Accordingly, the eccentric bush 12 is still prevented from rising
axially.
[0077] Thus, the stopper insertion allowing groove 24a provided at
the engagement jaw 24a allows the stopper 23a to be easily fitted
in the stopper hole 12a in the process of assembling the scroll
compressor, while preventing the fitted stopper 23a from being
separated from the stopper hole 12a during the operation of the
scroll compressor.
[0078] Although the vertical movement preventing device 24 has been
described as comprising the engagement jaw 24a, it is not limited
thereto. The vertical movement preventing device 24 may be
implemented using other structures, as far as they can allow
assembly of the stopper 23a while preventing a vertical movement of
the stopper 23a during forward and backward rotations of the
eccentric bush 12.
[0079] FIG. 7 is a sectional view illustrating an eccentric
coupling device according to another embodiment of the present
invention. The eccentric coupling device may be applied to the
radial compliance scroll compressor shown in FIG. 1. In order to
simplify the description thereof, the eccentric coupling device
will be described in conjunction with the case in which it is
applied to the radial compliance scroll compressor shown in FIG. 1.
In FIG. 7, elements respectively corresponding to those in FIGS. 4
to 6b will be designated by the same reference numerals.
[0080] Referring to FIG. 7, an eccentric bush 12 is provided with a
crank pin hole 12b so that it is rotatably fitted around a crank
pin 10 of a crankshaft 6 through the crank pin hole 12b. The crank
pin 10 is provided, at one side thereof, with a cutout formed at an
upper portion of the crank pin 10 while having a D-shaped
cross-section, and thus, a cut surface 10a. A stopper hole 12a is
also provided at the eccentric bush 12 to extend vertically into
the eccentric bush 12. The stopper hole 12a is arranged such that
it overlaps with the crank pin hole 12b, while facing the cut
surface 10a.
[0081] A stopper 23a is fitted in the stopper hole 12a. The stopper
23a has a length shorter than that of the stopper hole 12a. As a
vertical movement preventing device 24 adapted to prevent a
vertical movement of the eccentric bush 12, an engagement jaw 24a
is attached to an upper end of the cut surface 10a to extend
horizontally from the cut surface 10a such that it comes into
contact with an upper end of the stopper 23a, so that it is engaged
with the stopper 23a. In accordance with this engagement, the
engagement jaw 24a prevents a vertical movement of the stopper 23a,
and thus, a vertical movement of the eccentric bush 12 fitted in
the crank pin 10.
[0082] Since the engagement jaw 24a is detachably attached to the
upper end of the cut surface 10a, it is possible to simply achieve
replacement of the engagement jaw 24a, while reliably preventing a
vertical movement of the stopper 23a, and thus, the eccentric bush
12, using a simple structure.
[0083] The engagement jaw 24a is provided with a stopper insertion
allowing groove 24b at a peripheral surface thereof.

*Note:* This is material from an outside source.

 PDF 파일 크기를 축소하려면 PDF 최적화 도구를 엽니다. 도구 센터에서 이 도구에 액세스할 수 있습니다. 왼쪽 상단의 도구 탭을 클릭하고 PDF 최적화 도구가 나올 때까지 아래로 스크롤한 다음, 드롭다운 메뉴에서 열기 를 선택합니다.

The stopper
insertion allowing groove 24b is arranged such that it is aligned
with the stopper hole 12a when the stopper hole 12a has been
shifted, in accordance with rotation of the eccentric bush 12, from
a normal position thereof approximate to the center of the
crankshaft 6 to a position thereof spaced away from the center of
the crankshaft 6. During a normal operation of the scroll
compressor, the stopper hole 12a is maintained at the normal
position thereof. When the stopper insertion allowing groove 24b is
aligned with the stopper hole 12a, it allows the stopper 23a to be
inserted into the stopper hole 12a without being obstructed by the
crank pin 10 including the engagement jaw 24a. Preferably, the
stopper insertion allowing groove 24b has an arc shape having a
radius of curvature larger than the diameter of the stopper
23a.
[0084] FIG. 8 is an exploded perspective view illustrating an
eccentric coupling device according to another embodiment of the
present invention. The eccentric coupling device may be applied to
the radial compliance scroll compressor shown in FIG. 1. In order
to simplify the description thereof, the eccentric coupling device
will be described in conjunction with the case in which it is
applied to the radial compliance scroll compressor shown in FIG. 1.

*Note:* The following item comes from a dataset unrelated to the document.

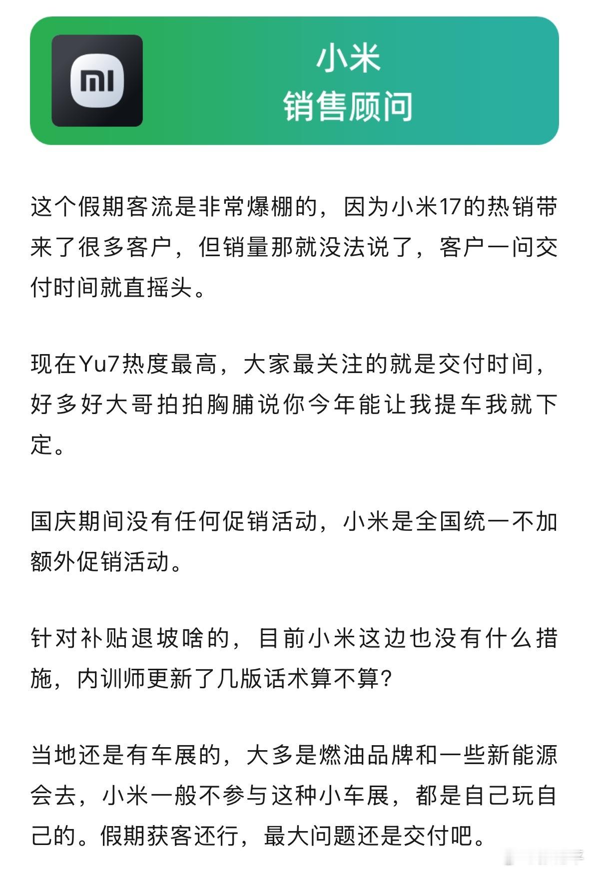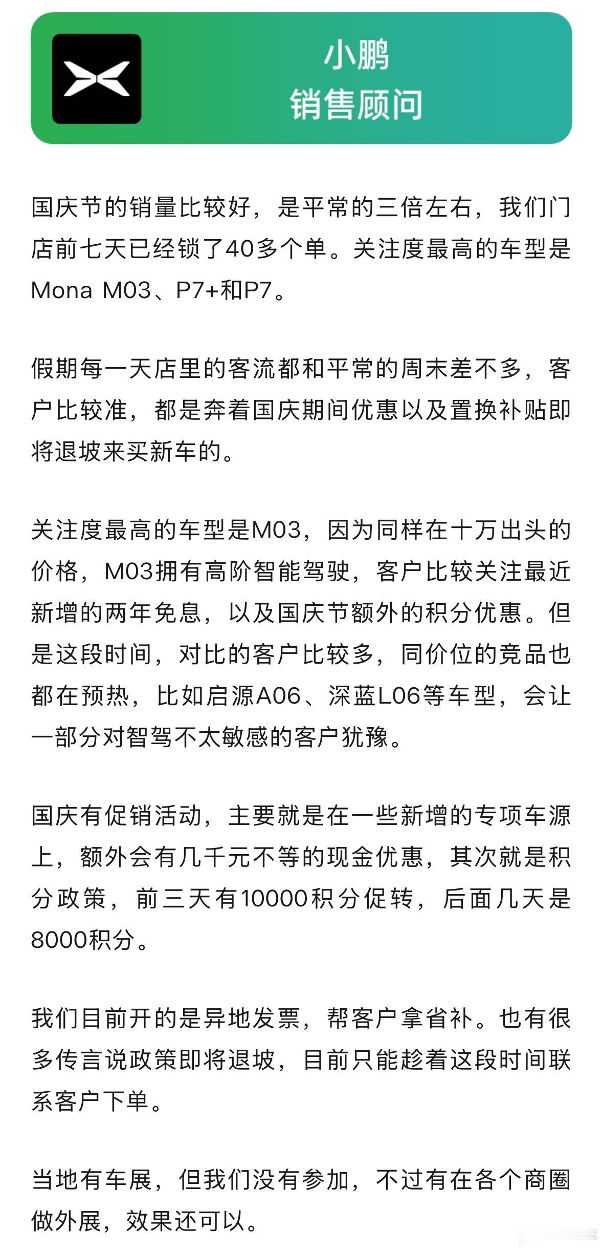 【五位新势力销售谈国庆假期门店情况】

In FIG. 8, elements respectively corresponding to those in FIGS. 4
to 6b will be designated by the same reference numerals.
[0085] As shown in FIG. 8, the eccentric coupling device includes a
crank pin 10 provided at an upper end of a crankshaft 6 such that
it is eccentrically arranged with respect to the crankshaft 6, an
eccentric bush 12 rotatably fitted around the crank pin 10 such
that an upper end thereof is arranged at a level higher than that
of the crank pin 10, a stopper 23a fitted in the eccentric bush 12
such that an upper end thereof is flush with that of the crank pin
10, and a vertical movement preventing device 24 adapted to prevent
a vertical movement of the eccentric bush 12.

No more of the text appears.